Jayapura (KPN) – TPA Koya Koso dipalang warga setempat, Senin (17/04/2017). Ada tiga poin yang dituntut oleh para pemalang. Tuntutan pertama, di TPA Koya Koso terdapat banyak lalat. Tuntutan kedua, TPA Koya Koso menimbulkan bau tak sedap. Sedangkan tuntutan ketiga, Walikota Jayapura salah bayar pembebasan lahan.
Pada senin (17/04/2017) pemalangan jalan masuk ke TPA Nafri hanya menggunakan spanduk. Tetap sejak Selasa (18/04-2017) Para pemalang mendirikan tembok untuk menutup jalan masuk ke TPA Koya Koso.
“ Itu adalah tuntutan yang tidak berdasar, karena menyangkut tuntutan poin 1 dan 2 bahwa TPA berlalat dan berbau, sebenarnya TPA kita ini sudah merupakan TPA Sanitary landfill, jadi setiap tumpukan sampah itu langsung diuruk dengan tanah. Kalau dia sistem open dumping, seperti di Nafri itu barulah ada kemungkinan berbau dan berlalat, ” Demikian bantahan Nofdi Rampi, Kepala Dinas Pekerjaan Umum Kota Jayapura.
Nofdi Rampi juga menjelaskan bahwa pembebasan lahan seluas 20 hektar untuk pembangunan TPA Nafri, sudah dilakukan dengan benar karena prosesnya melibatkan semua pihak yang terkait.
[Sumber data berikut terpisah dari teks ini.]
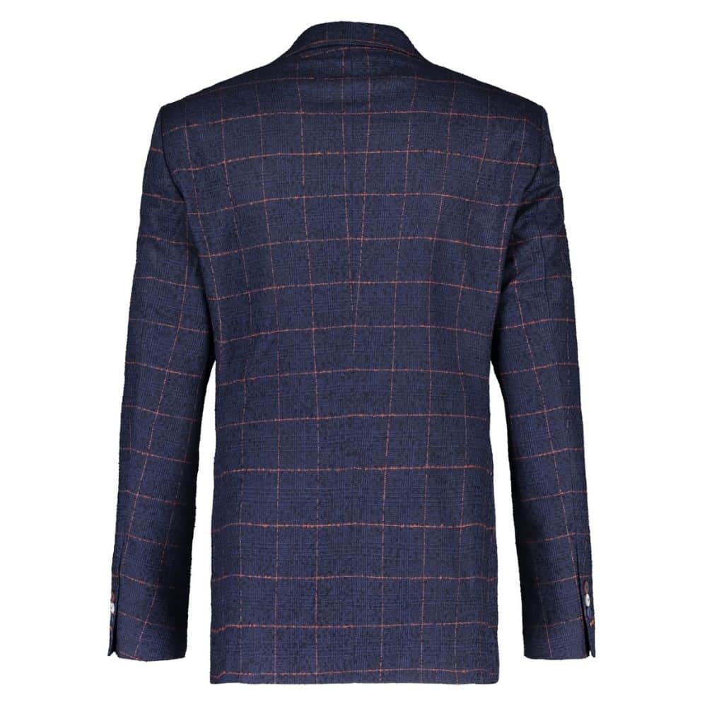 The Fish Named Fred windowpane navy jacket is fashionable and stylish. It is a single-breasted style featuring a windowpane check fabric, a two-button fastening at the front, lapels, decorative button fasteners at the bottom of the sleeves and a double split at the back. Wear this with one of our shirts and jeans or trousers for a confident, dapper look.

Selain pembebasan lahan yang dipersoalkan oleh Wensons merahabia, muncul juga tuntutan dari Soleman Hamzah, yang menyatakan bahwa 3 hektar dari luasan 20 hektar tanah yang telah dibebaskan oleh Pemerintah Kota Jayapura adalah miliknya.
Pihak Dinas Pekerjaan Umum Kota Jayapura telah melaporkan masalah pemalangan TPA Koya Koso secara tertulis kepada Walikota dan Sekda Kota Jayapura untuk ditindaklanjuti.
Sambil menyelesaikan masalah tanah TPA Koya Koso, Pembuangan sampah dialihkan ke TPA Nafri.
“ Kondisi fiskal kemampuan APBD kita sangat terbatas tahun ini. Ada terjadi deviasi min dari sisi penerimaan jika dibandingkan dengan tahun 2016 sumber penerimaan APBD kita. Deviasi min nya 200 milyar lebih, sehingga saya lebih mendorong pembuangan sampahnya ke TPA Nafri ”, jelas Nofdi Rampi. (SO)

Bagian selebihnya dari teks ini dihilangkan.